Segundo a autoridade, os mandatos foram autorizados pelo Supremo Tribunal Federal (STF) e cumpridos em Salvador e Amargosa, na Bahia, e no Distrito Federal.
“Com o objetivo de desarticular uma organização criminosa suspeitas de envolvimento em fraudes licitatórias, desvio de recursos públicos, corrupção e lavagem de dinheiro”, afirmou a PF em nota.
De acordo com a autoridade, os investigados poderão responder pelos crimes de organização criminosa, corrupção ativa e passiva, peculato, fraude em licitações e contratos administrativos, além de lavagem de dinheiro.
Segundo uma fonte a par das investigações, um dos alvos da operação foi o deputado federal Dal Barreto (União-BA), que teve o celular apreendido pela PF enquanto estava no aeroporto de Salvador.
Em entrevista concedida à TV Bahia, o deputado negou qualquer participação nas irregularidades apuradas pela Polícia Federal. “As provas vão aparecer no momento certo e as pessoas vão compreender.
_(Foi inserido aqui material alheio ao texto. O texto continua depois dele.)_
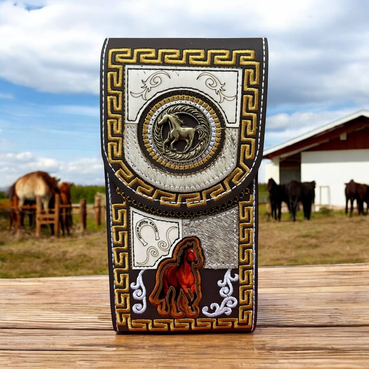 Funda para celular con diseño vaquero bordado, elaborada con materiales resistentes y acabados de alta calidad. Brinda protección y estilo en un solo accesorio, ideal para quienes buscan algo diferente y elegante.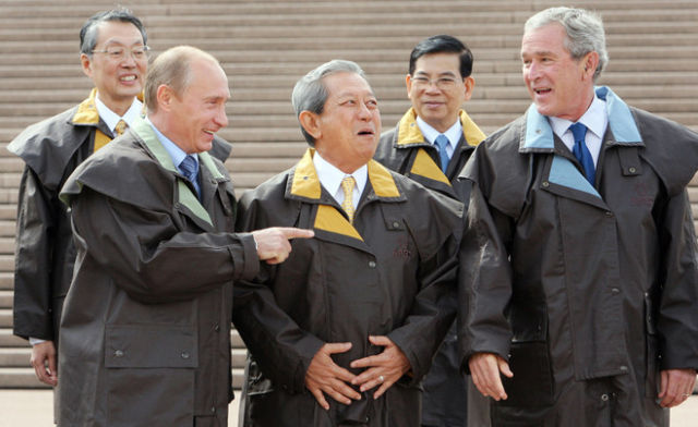 時任印尼總統(tǒng)蘇哈托贈送每位領導人一件巴提克——一種蠟染印花襯衣。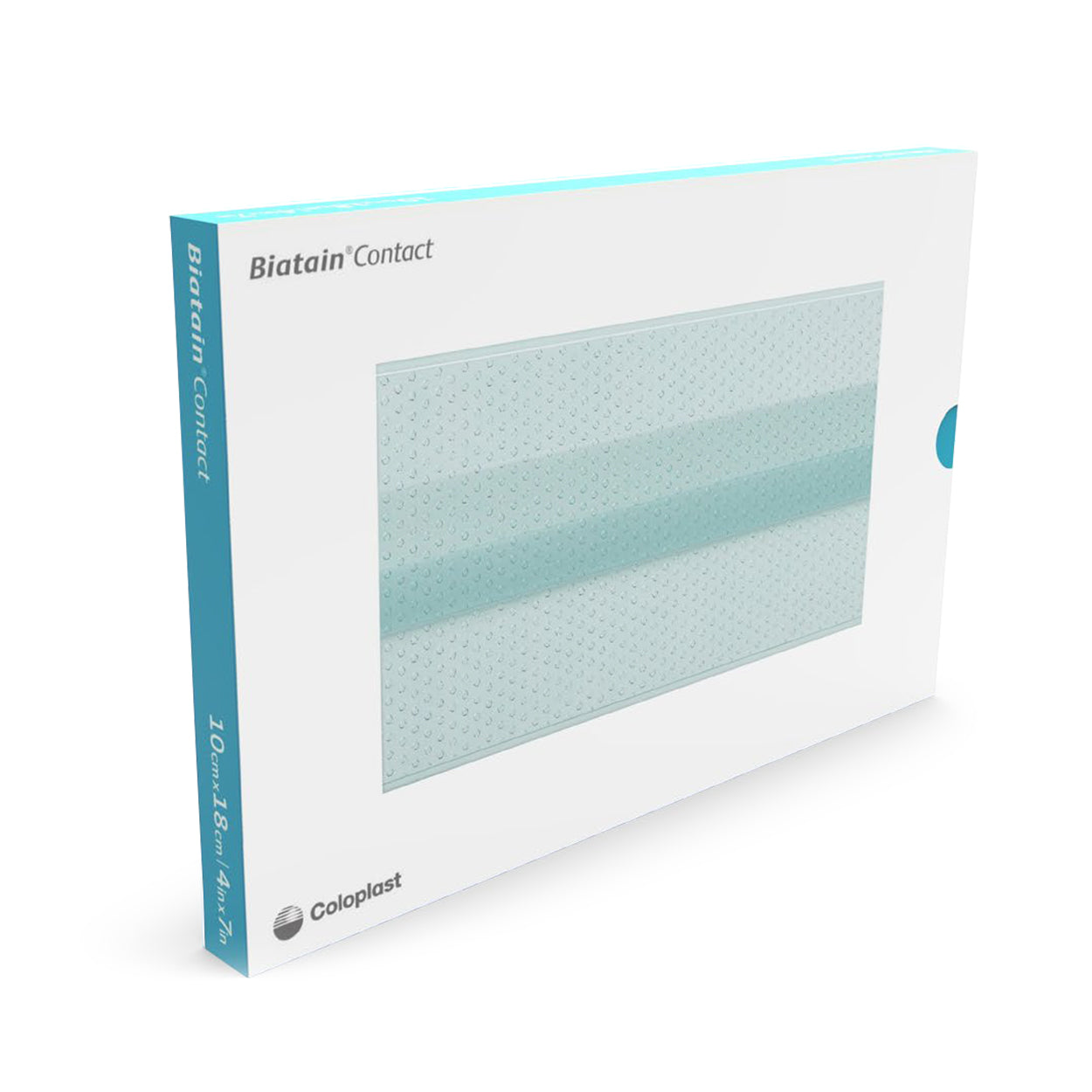 Biatain Contact is a one-sided silicone contact layer offering properties to overcome the challenges in the treatment of ulcers and chronic or acute lesions with various levels of exudate.

Tudo será prorrogado pela Justiça, e nós vamos aguardar que ela esclareça os fatos”, afirmou o parlamentar.
Dal explicou ainda que esteve no aeroporto apenas para encontrar um amigo e incidente que, durante a abordagem dos agentes, não recebeu muitas explicações. “Não falei nada. Não me perguntaram nada. Me pediram o celular e eu entreguei”, disse.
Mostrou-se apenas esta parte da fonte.